Directions for this task ▸
Would you please repeat exactly the entries below, starting at the line with "Në ora 11:28, policia" and ending at the line with "A.新時代~免出國即享受!正宗古法泰式按摩全程60分(手技60分)", and nothing outside that range? Leave out the pictures.

Data for this exercise ▸
------------------------------------------------------------
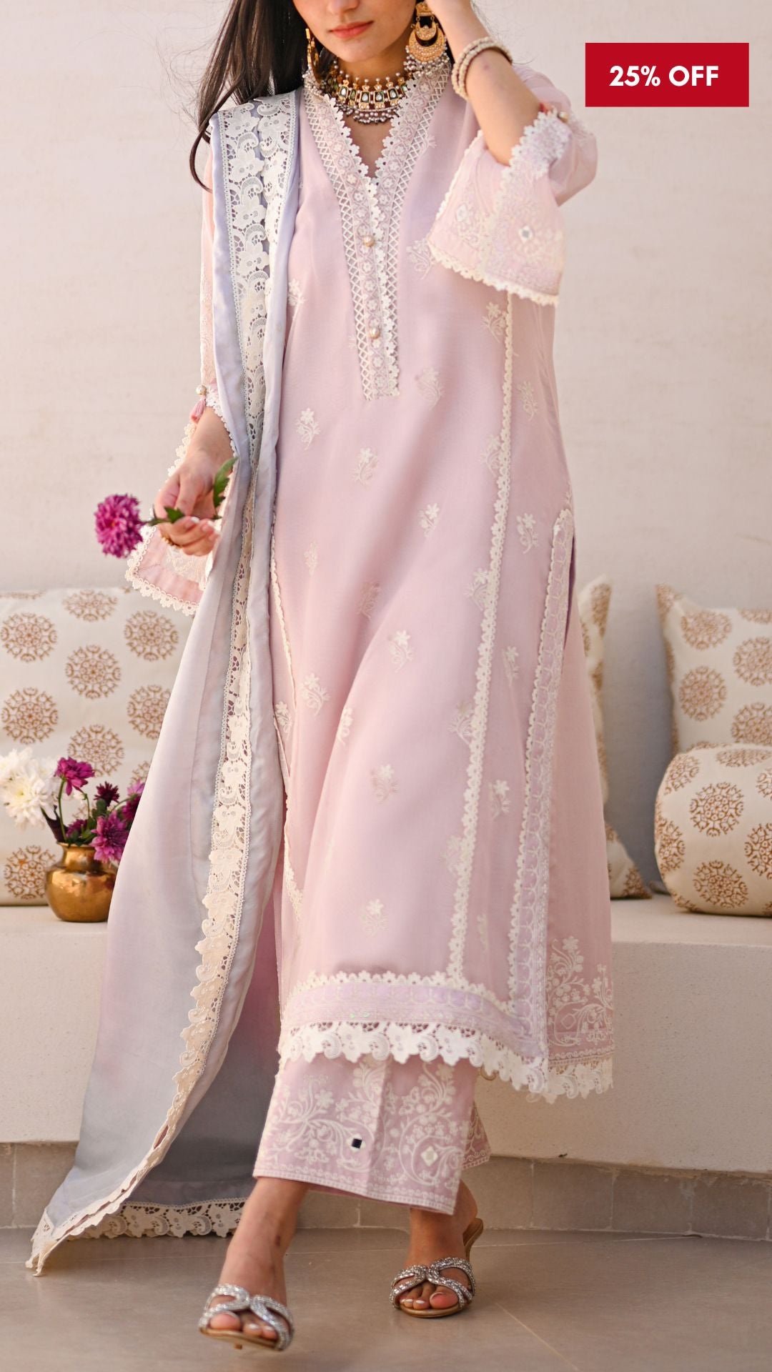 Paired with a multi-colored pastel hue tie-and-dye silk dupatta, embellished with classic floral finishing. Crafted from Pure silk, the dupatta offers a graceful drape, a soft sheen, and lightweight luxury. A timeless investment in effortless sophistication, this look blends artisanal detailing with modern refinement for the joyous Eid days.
------------------------------------------------------------
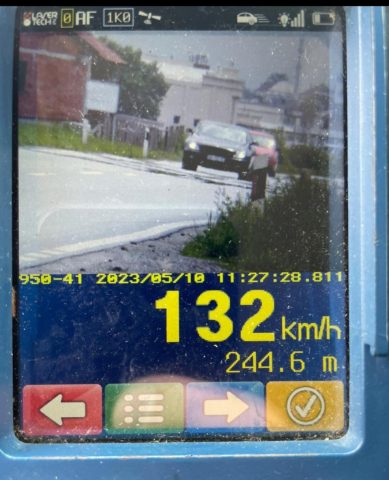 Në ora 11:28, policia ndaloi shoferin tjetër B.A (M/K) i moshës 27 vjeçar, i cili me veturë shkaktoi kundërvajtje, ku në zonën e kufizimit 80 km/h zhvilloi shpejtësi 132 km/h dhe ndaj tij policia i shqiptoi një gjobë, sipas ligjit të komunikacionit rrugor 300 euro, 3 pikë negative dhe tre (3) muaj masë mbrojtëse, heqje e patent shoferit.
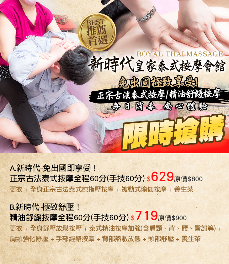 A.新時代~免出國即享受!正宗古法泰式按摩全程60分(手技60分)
------------------------------------------------------------
Solution to the exercise ▸
 Në ora 11:28, policia ndaloi shoferin tjetër B.A (M/K) i moshës 27 vjeçar, i cili me veturë shkaktoi kundërvajtje, ku në zonën e kufizimit 80 km/h zhvilloi shpejtësi 132 km/h dhe ndaj tij policia i shqiptoi një gjobë, sipas ligjit të komunikacionit rrugor 300 euro, 3 pikë negative dhe tre (3) muaj masë mbrojtëse, heqje e patent shoferit.
 A.新時代~免出國即享受!正宗古法泰式按摩全程60分(手技60分)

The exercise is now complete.